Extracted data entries

══════════════════════════════

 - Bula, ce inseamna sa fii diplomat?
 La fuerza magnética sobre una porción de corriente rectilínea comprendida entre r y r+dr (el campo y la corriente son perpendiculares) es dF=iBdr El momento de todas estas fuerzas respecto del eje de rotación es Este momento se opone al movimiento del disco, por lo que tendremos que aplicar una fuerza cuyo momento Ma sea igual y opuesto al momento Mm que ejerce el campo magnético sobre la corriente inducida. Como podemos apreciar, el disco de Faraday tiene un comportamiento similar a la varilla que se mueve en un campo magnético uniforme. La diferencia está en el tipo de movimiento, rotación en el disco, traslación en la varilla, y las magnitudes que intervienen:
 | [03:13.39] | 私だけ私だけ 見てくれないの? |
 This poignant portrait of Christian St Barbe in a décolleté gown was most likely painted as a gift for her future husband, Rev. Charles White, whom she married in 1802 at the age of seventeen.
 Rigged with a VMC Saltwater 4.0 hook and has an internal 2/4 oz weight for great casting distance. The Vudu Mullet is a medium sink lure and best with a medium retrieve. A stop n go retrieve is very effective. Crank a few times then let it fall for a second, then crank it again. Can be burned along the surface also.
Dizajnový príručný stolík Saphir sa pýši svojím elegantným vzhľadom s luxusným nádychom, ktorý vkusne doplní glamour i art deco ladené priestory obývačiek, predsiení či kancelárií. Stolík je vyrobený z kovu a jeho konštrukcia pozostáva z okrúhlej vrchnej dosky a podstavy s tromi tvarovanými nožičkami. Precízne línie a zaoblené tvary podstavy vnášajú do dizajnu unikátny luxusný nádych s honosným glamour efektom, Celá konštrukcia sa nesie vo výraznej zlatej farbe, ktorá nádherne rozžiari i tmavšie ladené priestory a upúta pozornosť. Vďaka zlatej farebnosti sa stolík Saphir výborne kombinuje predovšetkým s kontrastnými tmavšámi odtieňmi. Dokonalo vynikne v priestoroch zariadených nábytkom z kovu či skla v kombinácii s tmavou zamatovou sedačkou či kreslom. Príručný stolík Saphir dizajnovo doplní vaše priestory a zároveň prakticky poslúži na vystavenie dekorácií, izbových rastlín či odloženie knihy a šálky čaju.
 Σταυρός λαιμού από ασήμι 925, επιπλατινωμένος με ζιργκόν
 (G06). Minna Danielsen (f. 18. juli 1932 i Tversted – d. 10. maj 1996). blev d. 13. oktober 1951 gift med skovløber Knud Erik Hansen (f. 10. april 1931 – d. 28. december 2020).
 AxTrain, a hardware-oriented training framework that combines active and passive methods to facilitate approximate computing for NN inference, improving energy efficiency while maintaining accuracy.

══════════════════════════════

§ **Exercise directions**
Starting with the line that contains "(G06). Minna Danielsen", print every line through the end of the entries above exactly as written, both boundary lines included, and nothing else.

§ **Answer to the problem**
 (G06). Minna Danielsen (f. 18. juli 1932 i Tversted – d. 10. maj 1996). blev d. 13. oktober 1951 gift med skovløber Knud Erik Hansen (f. 10. april 1931 – d. 28. december 2020).
 AxTrain, a hardware-oriented training framework that combines active and passive methods to facilitate approximate computing for NN inference, improving energy efficiency while maintaining accuracy.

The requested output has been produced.